History of Roads 27 3.5.4 Cars
Gottfried Daimler and Karl Benz in Germany developed the first useable petrol-powered internal combustion (IC) engines between 1882 and 1885. A key advantage of the new IC engines was that they easily utilised petroleum distillates, liquid energy that was readily dispensed, transported and consumed and which had a very high energy to volume ratio. Although they never met, the firms established by the two men finally merged in 1926. Benz’s first successful vehicle (1885–86) was a tricycle powered by a one-cylinder gas motor that Daimler followed three months later with a powered bicycle.
The first practical trucks were steam powered and were in use on the roads from their introduction in France in 1892 until about 1930, although Britain, with an abundance of coal, did not stop building steam trucks until 1950. However, trucks powered by IC engines arrived in 1894 and had captured the market by 1900. The end of the horse era was surely the 1911 announcement by the British War Office that the motor truck was to replace the horse on a large scale in the British Army.
By the end of the 19th century there had thus been a congruence of events seemingly stage-managed to produce the modern motor vehicle. The new universal desire for private travel was supplied per medium of the pneumatic tyre and the IC engine. No flanged wheels restricted the driver’s choice of route. The one missing factor was a good road system. Indeed, the roads of the day were such that it was wise to use large-diameter, wooden-spoked wheels to provide sufficient clearance over rocks, stumps, and other obstacles.

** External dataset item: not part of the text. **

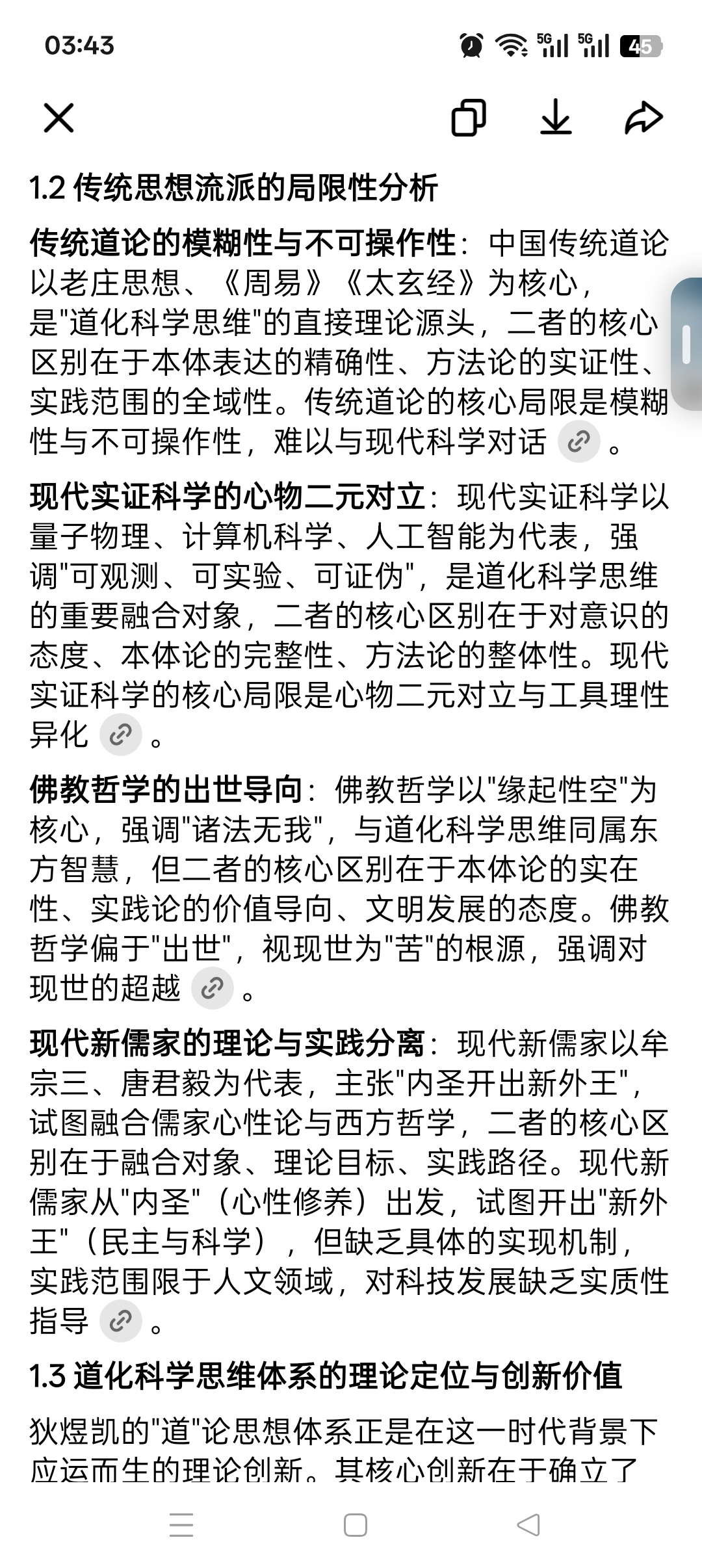 现代实证科学的心物二元对立:现代实证科学以量子物理、计算机科学、人工智能为代表,强调"可观测、可实验、可证伪",是道化科学思维的重要融合对象,二者的核心区别在于对意识的态度、本体论的完整性、方法论的整体性。现代实证科学的核心局限是心物二元对立与工具理性异化 。

Although the pneumatic tyre brought the advantage of applying lower vertical contact pressures and better stress distributions to the road surface, it also delivered other bounties. In particular, the enhanced surface-friction — coupled with the greater power now available — allowed markedly greater acceleration and deceleration performance. These speed changes applied much greater horizontal loads to the pavement surfaces than had previously been encountered. Worse was to come — as braking capabilities increased, so did travel speeds, and high-speed cornering on curves produced yet another set of new forces. In addition the tyres of the speeding vehicles began to create significant uplift suctions on the pavement surfaces, leading to clouds of dust. Thus the new vehicles with their speeding, braking, accelerating, skidding and cornering began to seriously abrade the old road surfaces. The most obviously annoying characteristics of the car at the turn of the century were that it was dangerous and caused dust. The second loomed larger in the eyes of the public, the dust covering everything within 20 m of the roadways.
The enthusiastic adoption of the car meant that the expanding push for good roads that the cyclists had begun gained even more momentum as those roads that did exist began to deteriorate under the new traffic. The legacy of sixty or so years of inattention had left no effective infrastructure for the dazzling new invention.